模型保存¶

export_dir = './layer0'
tf.saved_model.save(model,export_dir)

模型保存后的问题树结构如下图所示：

模型转换¶

converter = tf.lite.TFLiteConverter.from_saved_model(export_dir)
tflite_model = converter.convert()
import pathlib
tflite_model_file = pathlib.Path('./model.tflite')
tflite_model_file.write_bytes(tflite_model)

模型转换后生成model.tflite。

使用 tf.lite.TFLiteConverter 转换 TensorFlow 2.x 模型。TensorFlow 2.x 模型是使用 SavedModel 格式存储的，并通过高阶 tf.keras.* API（Keras 模型）或低阶 tf.* API（用于生成具体函数）生成。

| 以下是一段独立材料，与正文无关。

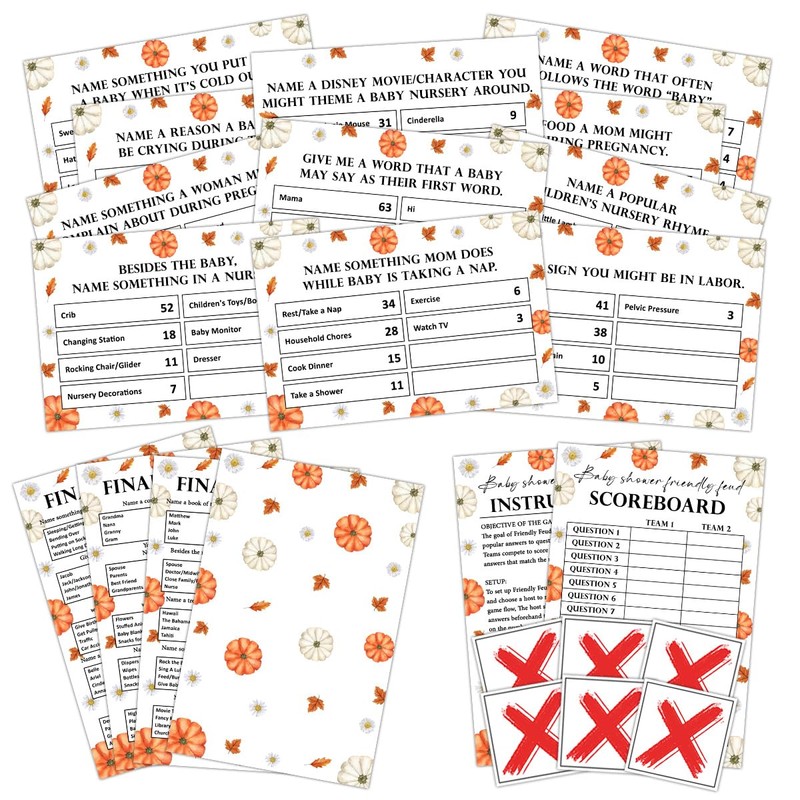 Baby Shower Friendly Feud Game, Pumpkin Funny Feud Quiz Set for Family Game Night, Fun Trivia Quiz for Adults Friend Large Group Team Building, Gender Reveal Baby Shower Party Activity Decorations -03

以下是将 Keras 模型转换为 TensorFlow Lite 模型。

import tensorflow as tf

# Create a model using high-level tf.keras.* APIs
model = tf.keras.models.Sequential([
    tf.keras.layers.Dense(units=1, input_shape=[1]),
    tf.keras.layers.Dense(units=16, activation='relu'),
    tf.keras.layers.Dense(units=1)
])
model.compile(optimizer='sgd', loss='mean_squared_error') # compile the model
model.fit(x=[-1, 0, 1], y=[-3, -1, 1], epochs=5) # train the model
# (to generate a SavedModel) tf.saved_model.save(model, "saved_model_keras_dir")

# Convert the model.
converter = tf.lite.TFLiteConverter.from_keras_model(model)
tflite_model = converter.convert()

# Save the model.
with open('model.tflite', 'wb') as f:
  f.write(tflite_model)

`

模型推断¶

TensorFlow Lite 解释器（interpreter）是一个库（library），它接收一个模型文件（model file），执行模型文件在输入数据（input data）上定义的运算符（operations），并提供对输出（output）的访问。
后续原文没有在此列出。